Saturday late afternoon, my husband and I walked up a friend’s driveway dodging Happy Birthday balloons floating from planters and trees. Her celebration marked another decade, a good reason to throw a party, which she and her husband loved to do. We attended the Fourth of July bash and enjoyed ourselves even though we didn’t know anyone well, and most not at all. This party would be the same.
“Hi, welcome,” said our hostess, a birthday girl crown on her head and boa with pink and turquoise feathers around her neck. She hugged us both as we wished her a happy birthday. “So glad you came. Drinks in the kitchen or in the coolers on the porch. Help yourselves.”
My husband wandered towards the porch. Donning my party face, I poured myself a glass of sangria over ice and introduced myself to a woman standing in the kitchen.

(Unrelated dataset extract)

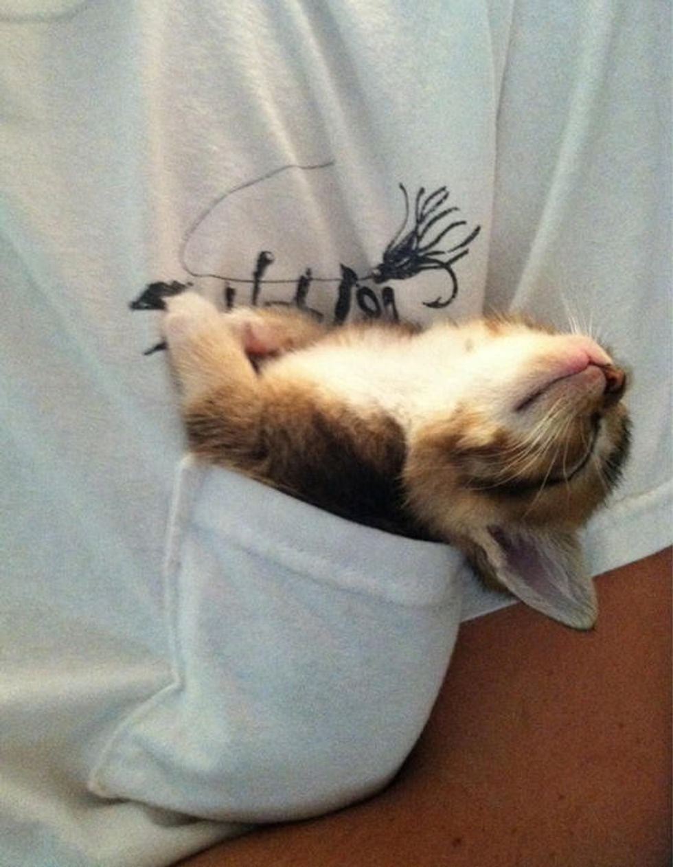 Her human said: "She fell asleep in my roommate's pocket like this."

Theo Decker, the narrator in Donna Tartt’s The Goldfinch, found himself at a party where he didn’t know many people. “The trick was to address yourself to the projection, the fantasy self – the connoisseur, the discerning bon vivant – as opposed to the insecure person actually standing in front of you,” he confided.
Granted the Dickensian characters in Tartt’s novel tended to wear masks of deception like artful dodgers. “We are so accustomed to disguise ourselves to others, that in the end, we become disguised to ourselves,” Tartt quoted seventeenth century French author François de La Rochefoucauld.
For me, the trick was to become a merry bon vivant, to disguise the shy person in me, and to appeal to the better part of the person in front of me. A scary mask, like the one I have in my living room, is as unattractive as the face of insecurity.
In Mere Christianity, C. S. Lewis wrote, “People are often worried. They are told they ought to love God. They cannot find any such feeling in themselves. What are they to do? The answer is the same as before. Act as if you did. Do not sit trying to manufacture feelings. Ask yourself, ‘If I were sure that I loved God, what would I do?’ When you have found the answer, go and do it.”
Love God and love your neighbor. I act like I enjoy meeting people and am having a good time, and then I do.
“Thank you so much for inviting us,” I said to our hostess when we left three hours later. “Happy birthday. We had a great time.”
“I love you guys,” she whispered in my ear as we hugged goodbye.
“We love you, too,” I said, no disguise.